Gracias a todas las médicos, enfermeras, celadoras, auxiliares, cocineras y profesionales sanitarias que ese 8 de marzo, como cada día, demostraron ser buenas personas y mejores profesionales, porque cuando una persona está en lista de espera desde hace meses, con un dolor que le rompe las sonrisas, merece que precisamente nosotras, que somos diferentes en muchas cosas, pero sobre todo en el cultivo de la empatía, estemos a su altura.

Tenemos mucha suerte de vivir en una época en la que cada discriminación nos parece una antítesis, porque hasta hace no mucho, eran el pan de cada día, y nuestro deber es seguir demostrando que nos diferenciamos en muy pocas cosas: en que nosotras obramos milagros como crear vidas y que casi nunca matamos a quienes amamos.

Generalizar es una muestra de ignorancia y hoy son muchos los hombres que se avergüenzan de sus congéneres y que recorren de nuestra mano la nueva vida que queremos construir juntos; porque aquí si nos enfrentamos nadie gana y porque la mejor guerra es la que no se celebra. A mí hoy también me apetece darles a ellos las gracias.

La mejor manera de combatir la desigualdad es erradicar los ‘micromachismos’ que viven encerrados en nuestro ideario, esos que nos llevan a leer noticias sobre ‘las peores vestidas’ en una gala de cine donde precisamente se reivindica la paridad, titulares donde se informa sobre si una reina ha repetido ‘modelito’ o ha pasado por quirófano o si una política aplaza su maternidad por el trabajo o no. Nosotras, las que escribimos las crónicas de nuestro presente, tenemos en las yemas de nuestros dedos la fuerza para poner letra a un mundo mejor que solo se narra ante las teclas.

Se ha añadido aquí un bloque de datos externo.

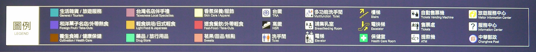 至於想知道不同顏色方塊區域各有什麼樣的服務,可以參考下面這張更清楚的圖例說明,同樣點圖可放大觀看,祝每個遊客都能準時抵達目的地:)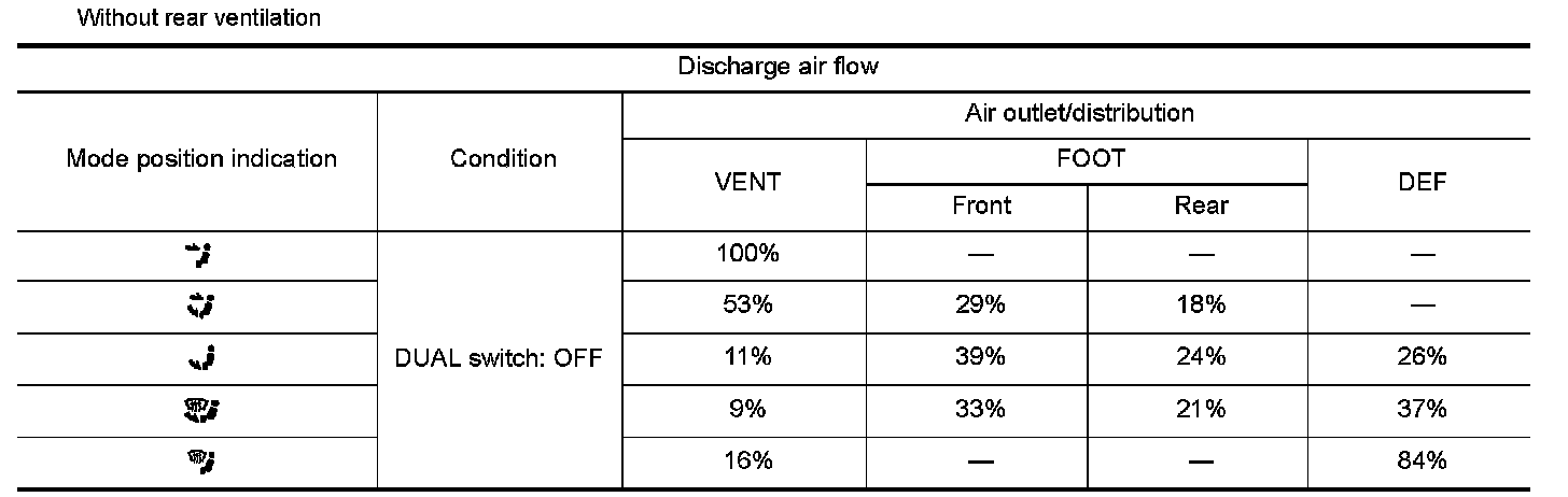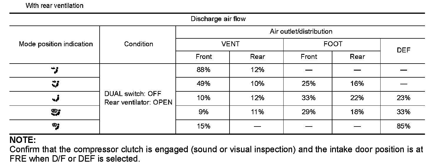 3.Confirm that discharge air comes out according to the air distribution table as follows:

Vosotras, las que criticáis, ayudad. Las que justificáis el maltrato de cualquier índole, denunciadlo y pedid ayuda. Las que juzgáis a quienes no piensan como vosotras, abrid la mente y entonces, solo en ese momento, estaremos todas unidas y seremos lo suficientemente fuertes como para conseguir que lo lógico sea lo cotidiano. Sigamos llenando plazas, como el jueves, vidas, empresas, casas y teatros, porque nosotras hacemos mejor el mundo y juntas somos más fuertes.

Somos nosotras las de ayer, las de hoy y las de mañana las que lograremos que la igualdad sea universal, pero no desde la imposición y la radicalidad, sino de la mano. Yo no soy menos ‘feminista’ por ser femenina y hace tiempo que escogí dónde tener pelos: ni en la lengua ni en el alma.